DATA FOR PROCESSING:
----------------------------------------

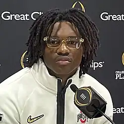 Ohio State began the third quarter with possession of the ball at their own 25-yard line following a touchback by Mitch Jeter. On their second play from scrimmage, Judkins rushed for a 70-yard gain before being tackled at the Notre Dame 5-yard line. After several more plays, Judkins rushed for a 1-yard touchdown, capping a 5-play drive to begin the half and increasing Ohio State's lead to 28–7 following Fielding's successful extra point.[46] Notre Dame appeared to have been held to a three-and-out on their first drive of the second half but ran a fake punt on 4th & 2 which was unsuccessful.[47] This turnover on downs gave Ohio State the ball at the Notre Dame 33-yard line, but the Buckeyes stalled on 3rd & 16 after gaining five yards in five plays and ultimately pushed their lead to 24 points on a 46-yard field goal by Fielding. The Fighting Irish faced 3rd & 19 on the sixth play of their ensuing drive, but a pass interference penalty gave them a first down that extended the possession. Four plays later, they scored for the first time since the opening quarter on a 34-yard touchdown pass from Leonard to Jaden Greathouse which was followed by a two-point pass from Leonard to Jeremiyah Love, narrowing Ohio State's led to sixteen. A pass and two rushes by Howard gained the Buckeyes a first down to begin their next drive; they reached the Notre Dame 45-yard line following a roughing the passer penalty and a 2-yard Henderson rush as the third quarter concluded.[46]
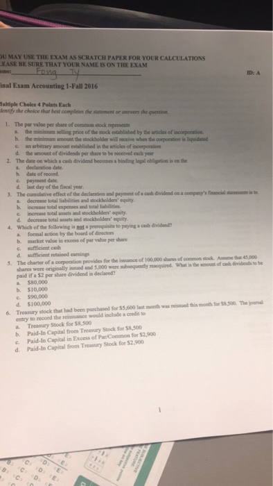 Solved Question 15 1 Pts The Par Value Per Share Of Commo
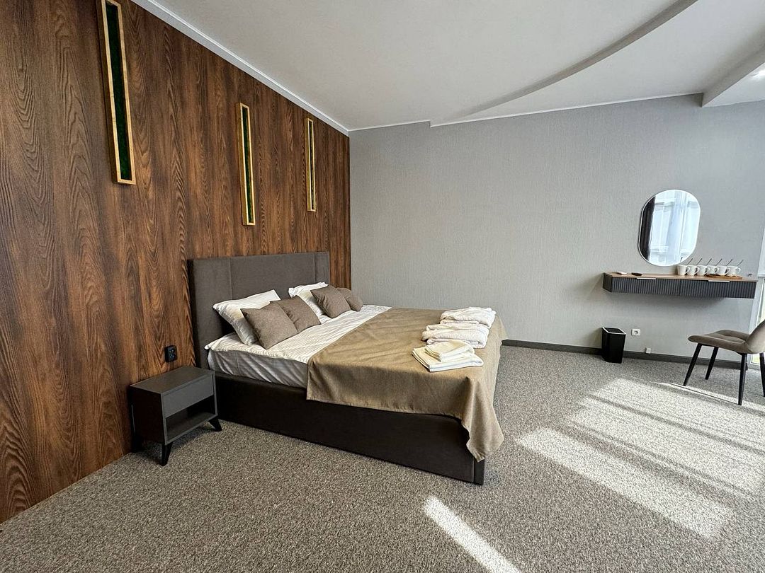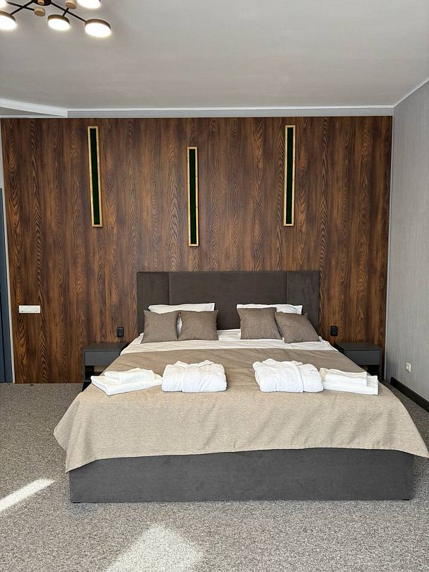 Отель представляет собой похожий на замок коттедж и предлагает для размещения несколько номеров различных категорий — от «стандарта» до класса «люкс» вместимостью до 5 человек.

----------------------------------------

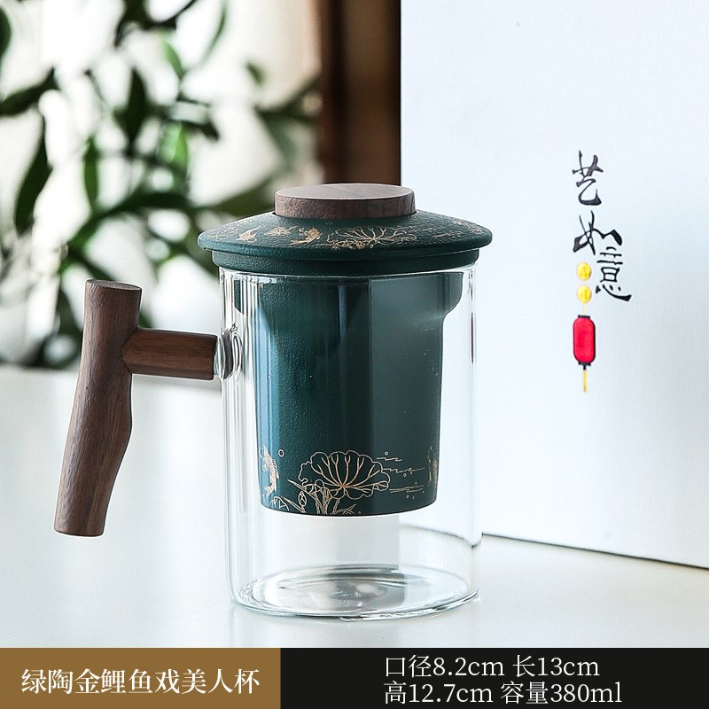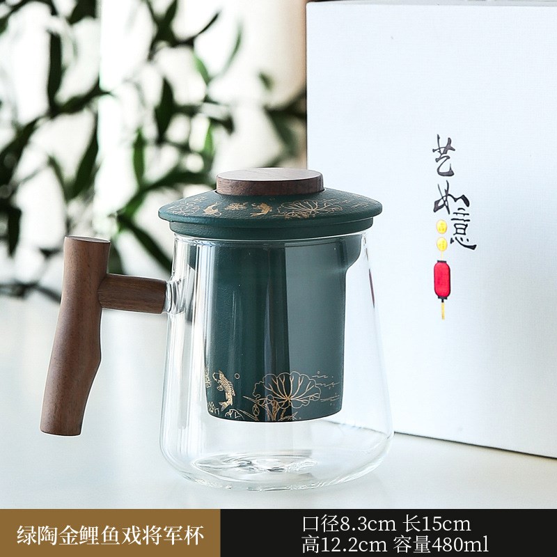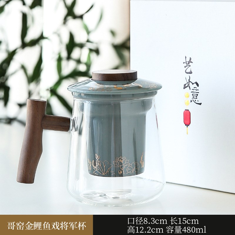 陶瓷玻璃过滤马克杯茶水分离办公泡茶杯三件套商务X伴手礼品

----------------------------------------

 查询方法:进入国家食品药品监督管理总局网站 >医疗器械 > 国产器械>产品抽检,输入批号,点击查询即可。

----------------------------------------

WHAT THE TASK ASKS: Since the pictures are not part of the copy, please transcribe only the lines above from the one with "Ohio State began" through the one with "Отель представляет собой", exactly and with both ends.

REPLY:
 Ohio State began the third quarter with possession of the ball at their own 25-yard line following a touchback by Mitch Jeter. On their second play from scrimmage, Judkins rushed for a 70-yard gain before being tackled at the Notre Dame 5-yard line. After several more plays, Judkins rushed for a 1-yard touchdown, capping a 5-play drive to begin the half and increasing Ohio State's lead to 28–7 following Fielding's successful extra point.[46] Notre Dame appeared to have been held to a three-and-out on their first drive of the second half but ran a fake punt on 4th & 2 which was unsuccessful.[47] This turnover on downs gave Ohio State the ball at the Notre Dame 33-yard line, but the Buckeyes stalled on 3rd & 16 after gaining five yards in five plays and ultimately pushed their lead to 24 points on a 46-yard field goal by Fielding. The Fighting Irish faced 3rd & 19 on the sixth play of their ensuing drive, but a pass interference penalty gave them a first down that extended the possession. Four plays later, they scored for the first time since the opening quarter on a 34-yard touchdown pass from Leonard to Jaden Greathouse which was followed by a two-point pass from Leonard to Jeremiyah Love, narrowing Ohio State's led to sixteen. A pass and two rushes by Howard gained the Buckeyes a first down to begin their next drive; they reached the Notre Dame 45-yard line following a roughing the passer penalty and a 2-yard Henderson rush as the third quarter concluded.[46]
 Solved Question 15 1 Pts The Par Value Per Share Of Commo
 Отель представляет собой похожий на замок коттедж и предлагает для размещения несколько номеров различных категорий — от «стандарта» до класса «люкс» вместимостью до 5 человек.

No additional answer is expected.